Non a caso BTC nel corso delle ultime 24 ore ha iniziato a crescere a ritmi abbastanza sostenuti, accumulando un +4% il quale ne ha riportato il valore a quota 44mila dollari. Un livello che potrebbe rivelarsi presto la base per una nuova bull run, proprio in considerazione delle cifre le quali potrebbero essere movimentate in tal modo, con l’export di gas e petrolio russi.

Le dichiarazioni di Zelezny arrivano a poche ore di distanza dalla promessa di Putin relativa all’obbligo di pagare in rubli il gas, rivolta ai paesi “ostili”, a partire da quelli dell’UE. Un annuncio il quale non ha tardato a produrre i suoi risultati: il prezzo del gas, infatti, è subito salito alle stelle in Europa, proprio per i timori che la mossa vada ad aggravare un mercato già sotto enorme pressione.

La CNBC ha fatto presto capire quanto sta accadendo, affermando di aver parlato con non precisate fonti, le quali avrebbero affermato che a differenza degli Stati Uniti, il cui governo ha dichiarato il blocco nei confronti del gas moscovita, l’UE non avrebbe alcuna intenzione di praticare la stessa strada.

Dichiarazioni che sembrano confermare come, in realtà, se la Russia è in difficoltà, l’eurozona potrebbe presto ritrovarsi in una crisi di incalcolabili conseguenze e difficilmente spiegabile ai ceti sociali più deboli, quelli che hanno pagato in maniera salata nel corso dell’ultimo quindicennio la crisi economica conseguente allo scoppio della bolla dei Mutui Subprime e quella che ha fatto seguito alla pandemia di Covid.

Una strategia non improvvisata

La strategia di diversificazione valutaria, però, non è una decisione conseguente allo scoppio delle ostilità in Ucraina. Secondo il co-fondatore di Coin Metrics, Nic Carter, la Russia starebbe lavorando in tal senso dal 2014, quando ha iniziato a disinvestire le obbligazioni statunitensi.

Nel farlo ha tenuto nel debito conto il fatto che il gigante eurasiatico ha una cosa di cui tutto il mondo necessita, ovvero il gas naturale, di cui è il primo esportatore globale. Con il passare degli anni, peraltro, proprio Putin ha mutato il suo parere sul Bitcon. Se sino al 2021 pensava non fosse un asset in grado di sostituirsi al dollaro nei traffici petroliferi, come dichiarato a Hadley Gamble di CNBC, ora avrebbe mutato opinione.

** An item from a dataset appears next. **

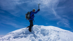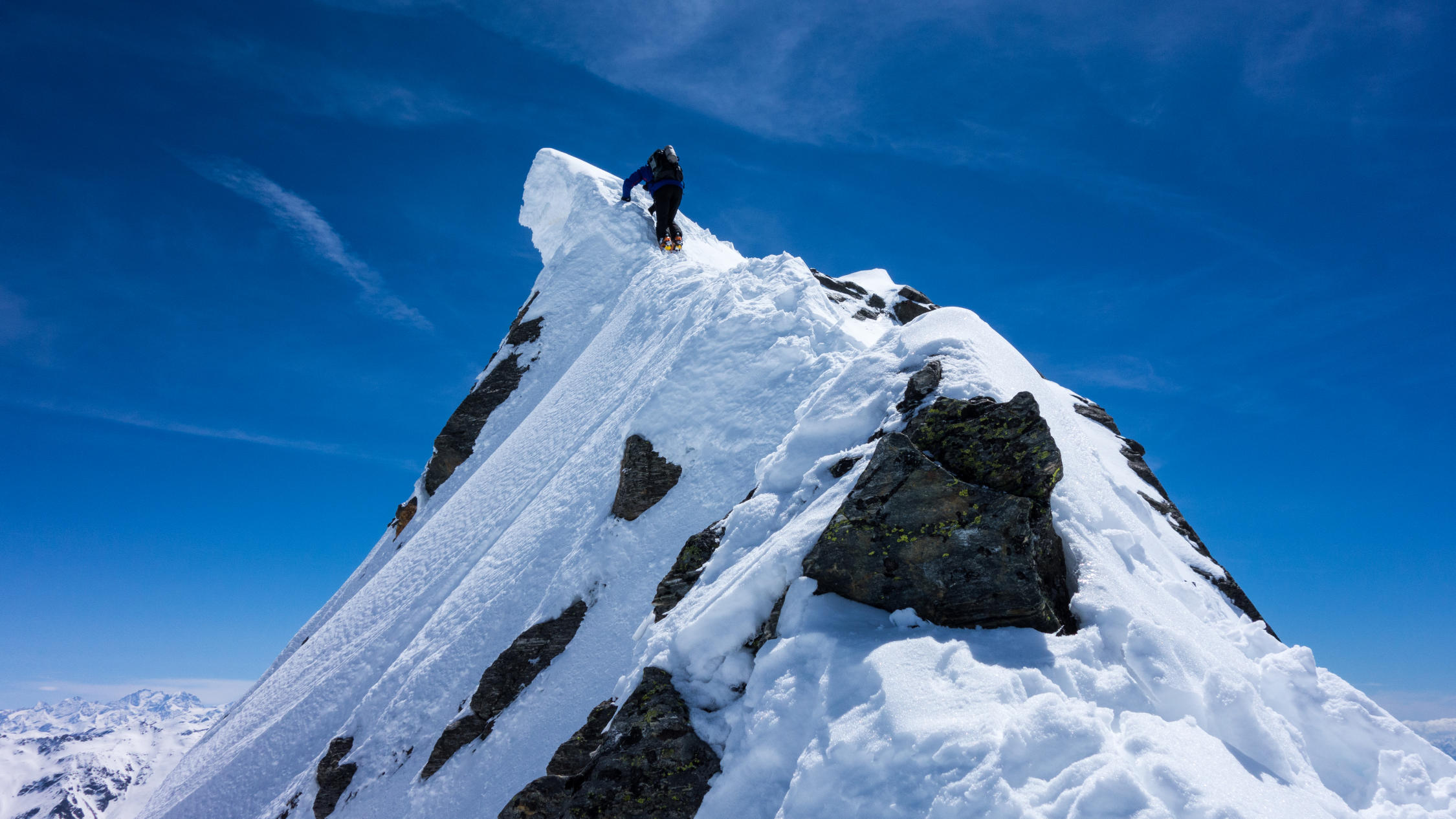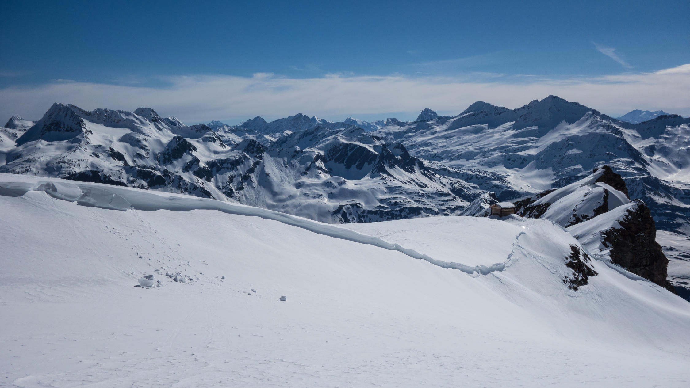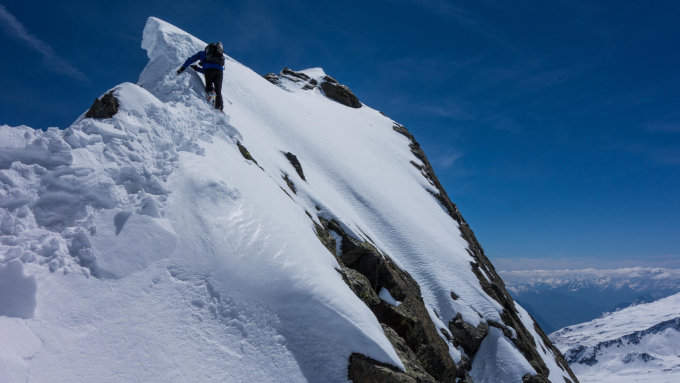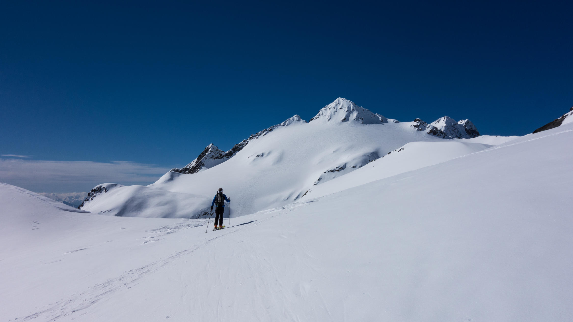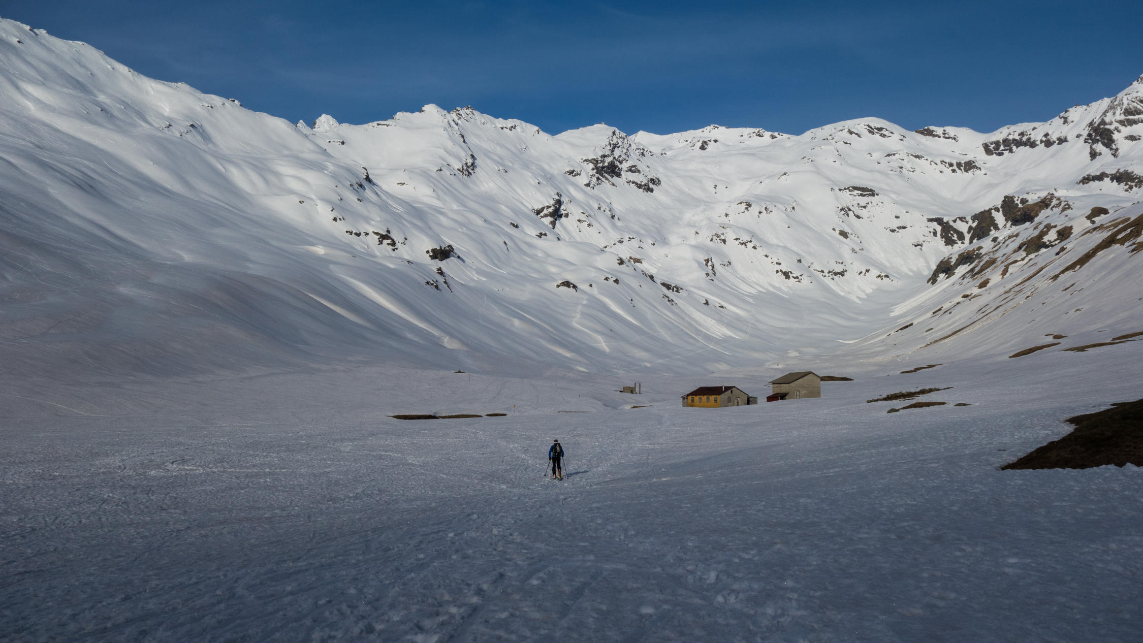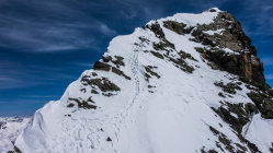 Perfekte Verhältnisse, Start um 7.30 Uhr, gefrorene Schneedecke. Aufstieg ab Skidepot über den sehr exponierten Gipfelgrat mit Steigeisen und Pickel, guter Trittschnee. Abfahrt ca. 14 Uhr, auf dem Gletscher windgepresster Pulverschnee, dann anfellen und kurzer Gegenaufstieg zum Bivacco Cecchini. Von hier auf steilen Hängen bei gutem Sulzschnee zurück nach Monte Spluga.

La conseguenza potrebbe tramutarsi quindi in una massiccia adesione della Russia all’economia crypto. Una mossa la quale, peraltro, avvicinerebbe sempre di più l’adozione di massa delle criptovalute. Dando peraltro luogo ad un risultato abbastanza ironico: da un lato gran parte del settore favorevole a sostenere l’Ucraina, dall’altra il cattivo della situazione come grande protagonista della rivoluzione monetaria vaticinata da Satoshi Nakamoto.

Uno sviluppo il quale sembra essere stato intuito per larga parte da Larry Fink, l’amministratore delegato di BlackRock. Proprio lui, in una lettera indirizzata ai suoi azionisti, ha infatti affermato che la guerra in Ucraina potrebbe accelerare con grande forza l’adozione di valute digitali da parte delle banche centrali.

Se il suo riferimento è alle CBDC, non è possibile ignorare il fatto che a giovarsi della situazione sarebbe l’intero comparto, comprese le criptovalute private. Una evoluzione che sembra peraltro ineluttabile, considerata la recente pubblicazione di un documento in cui sono esaminati eventuali vantaggi e svantaggi collegati al debutto di un dollaro digitale. Ipotesi sempre più concreta dopo l’ordine esecutivo di Joe Biden, che ha in pratica indicato nelle valute virtuali un vero e proprio asset strategico per gli Stati Uniti.